Exercise: Copy all the data exactly, except the pictures.

Given material:
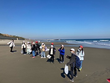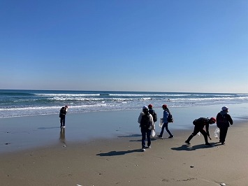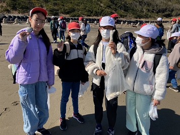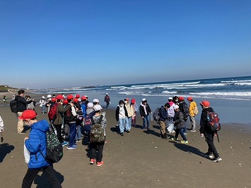 到着して初めての活動は、海岸散歩です。青い空と青い海。海のないとちぎっ子には、海と潮風を感じる絶好の機会です。砂浜では、流木や貝殻を見付けました。
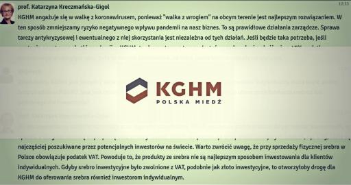 Czaty 19.05.2020 0 Wyniki finansowe KGHM za I kwartał 2020 roku – czat z wiceprezes zarządu ds. finansowych, prof. Katarzyną Kreczmańską-Gigol
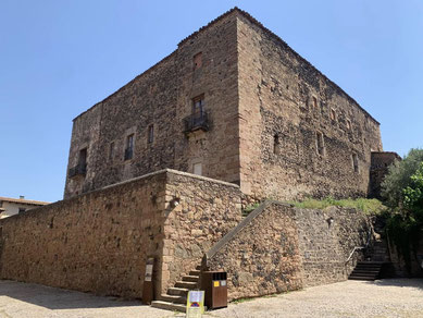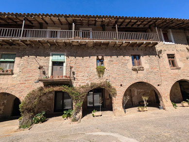 À quelques mètres de la Plaza Mayor se trouve le Château de Santa Pau, une grande maison rectangulaire avec une grande cour intérieure et une tour carrée.

Task solution:
 到着して初めての活動は、海岸散歩です。青い空と青い海。海のないとちぎっ子には、海と潮風を感じる絶好の機会です。砂浜では、流木や貝殻を見付けました。
 Czaty 19.05.2020 0 Wyniki finansowe KGHM za I kwartał 2020 roku – czat z wiceprezes zarządu ds. finansowych, prof. Katarzyną Kreczmańską-Gigol
 À quelques mètres de la Plaza Mayor se trouve le Château de Santa Pau, une grande maison rectangulaire avec une grande cour intérieure et une tour carrée.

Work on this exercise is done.